New technologies—the Internet of Things (IoT), Big Data, Social Media, 3D printing, and digital collaboration and modelling tools—are creating powerful opportunities to innovate. Increasingly customer-centric propositions are being delivered ‘as-a-service’ via the cloud, with just-in-time fulfilment joining up multiple parts of the supply chain. Your products and services have to evolve continually to keep up, causing massive amounts of data to be generated that has to be fed back in to inform future development.
Common language
To minimise complexity, it’s essential that there is just one context for all communication. You therefore need a standardised—and well-understood—enterprise product record that acts as a common denominator for your business processes. And that means every last piece of information—from core service features to how your product uses IoT sensors; from business processes to your roadmap for innovation, and all other details—gets recorded in one place, in the same way, for every one of your products, from innovation through development to commercialisation.

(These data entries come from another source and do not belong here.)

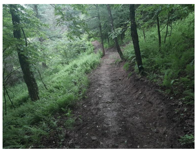
Osborne Branch Sidehill Work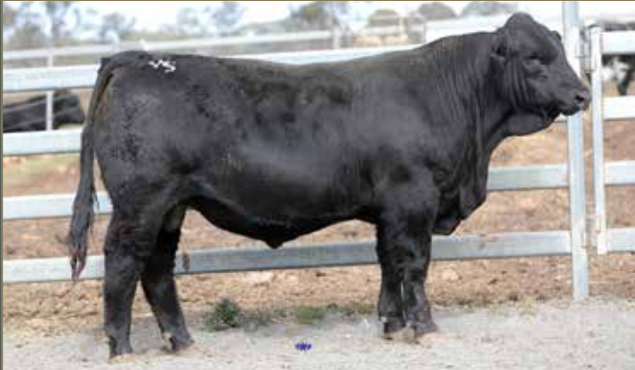
LOT 26 - WOONALLEE TATUM T285 PP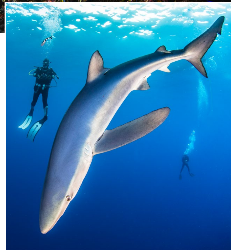
Divers with blue shark (above); School of ornate wrasse, Thalassoma pavo , on rocky reef at Formigas Islets (top right); View over Santa Maria Island (top left); Pair of spotted dolphins (far left); Green sea turtle (centre)

In general, recreational dives are double tank (nitrox is available), and it takes about 45 minutes to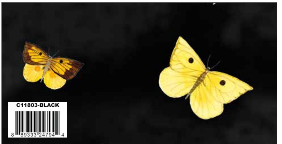
Black Golden Poppies Butterflies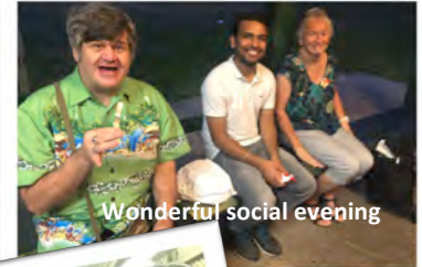
Wonderful social evening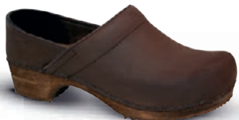
Julie // 1201005W // Oil Leather 78 Ant. Brown // Size 35-42 Jamie // 1201005M // Oil Leather 78 Ant. Brown // Size 40-48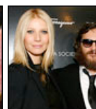
The Cinema Society screenin of 'Two Lovers'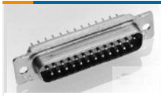
TE Part #205169-1 RECEPT ASSY,50 POSN,AMPLIMITE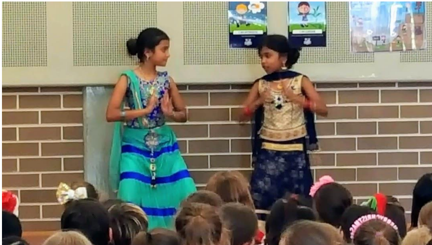
Students performing at the Talent Show

As you can see we have had a wonderful year with lots of success. Thank you to all the SRC members who came to meetings, shared ideas and helped to create a memorable 2018.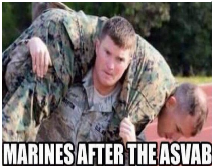
MARINES AFTER THE ASVAB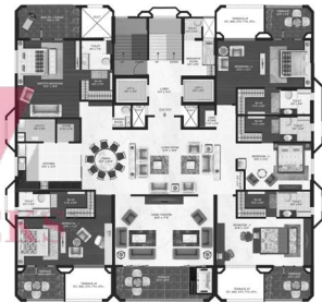
1st, 3rd, 5th & 9th Floor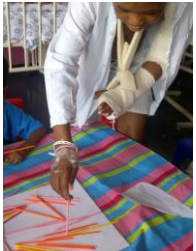
Pick up sticks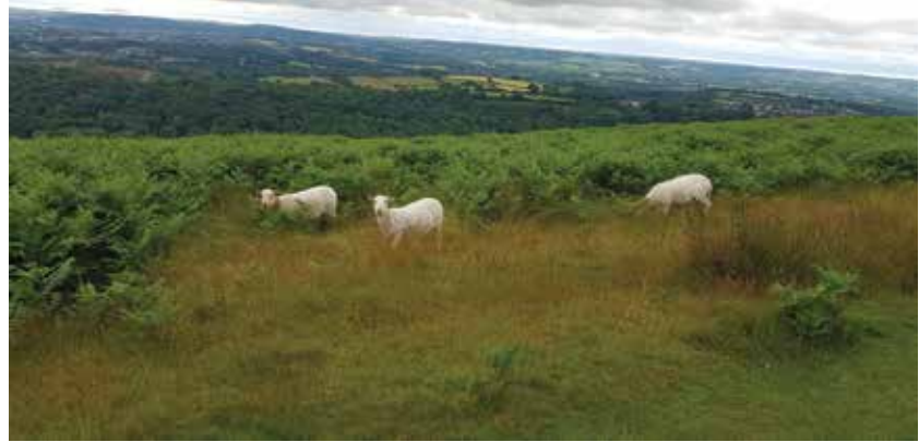
Sheep are not woolly dogs! Switching from a small animal to a large animal perspective was a steep learning curve

The pandemic has, on the other hand, created a surprisingly positive outcome from the perspective of the farm vets themselves. Some vet schools have scrapped the species minima requirement for clinical EMS as a result of the limited number of weeks in which to complete place-

That will make it far easier for you to collect and interpret product information; define service levels and deliver on them; support new business models, and manage the overall future design of your connected offerings. Moreover, it enables your product development methods to become more flexible, so they can be updated more frequently, enabled by innovations in your supply chain, supported more effectively by IT, and improved over time.
Greater quality control in the digital world…
By including form, fit and function rules—that describe the characteristics of your product, or part of it—within the product record, you add a vital layer of change control. It enables you to create a formal approvals process for quality assurance. For example, changes made in one area—whether to a product or part of it—may create problems in other areas. The form, fit and function rules force you to perform cross-functional impact analyses and ensure you’re aware of any consequences.
As part of this, you can run simulations with ‘digital twins’ to predict changes in performance and product behaviour before anything goes wrong. This obviously has major cost-saving implications, enabling far more to be understood at the drawing-board stage. Moreover, IoT applications can be leveraged to help product teams test and gather data of your connected assets or production facilities.
Transparency and effective communications
The enterprise product record should also contain a full audit trail of decisions about the product, including data from third parties, and from your supply chain. The objective is full traceability from the customer perspective—with evidence of regulatory compliance, provenance of preferred suppliers, and fully-auditable internal quality processes. Additionally, it’s often helpful to be able to prove the safety and quality of your product and processes, as that can be a key market differentiator. Powerful project management and social networking capabilities support the collaborative nature of the innovation process.
Lean and efficient
Overall, your innovation platform should be both lean and efficient, based on the continual iteration of the following key stages:
- Ideation, where you capture, collaborate and analyse ideas
- Proposal, where you create business cases and model potential features
- Requirements, where you evaluate, collaborate and manage product needs
- Concepts, where you accelerate product development and define structures
- Portfolio analysis, where you revise and optimise your product investment
- Seamless Integration with downstream ERP and Supply Chain processes
The result: Powerful ROI
Being able to innovate effectively in a digital supply chain delivers returns from both top-line growth—with increased revenues and market share—and reduced costs from improved safety, security, sustainability and fewer returns.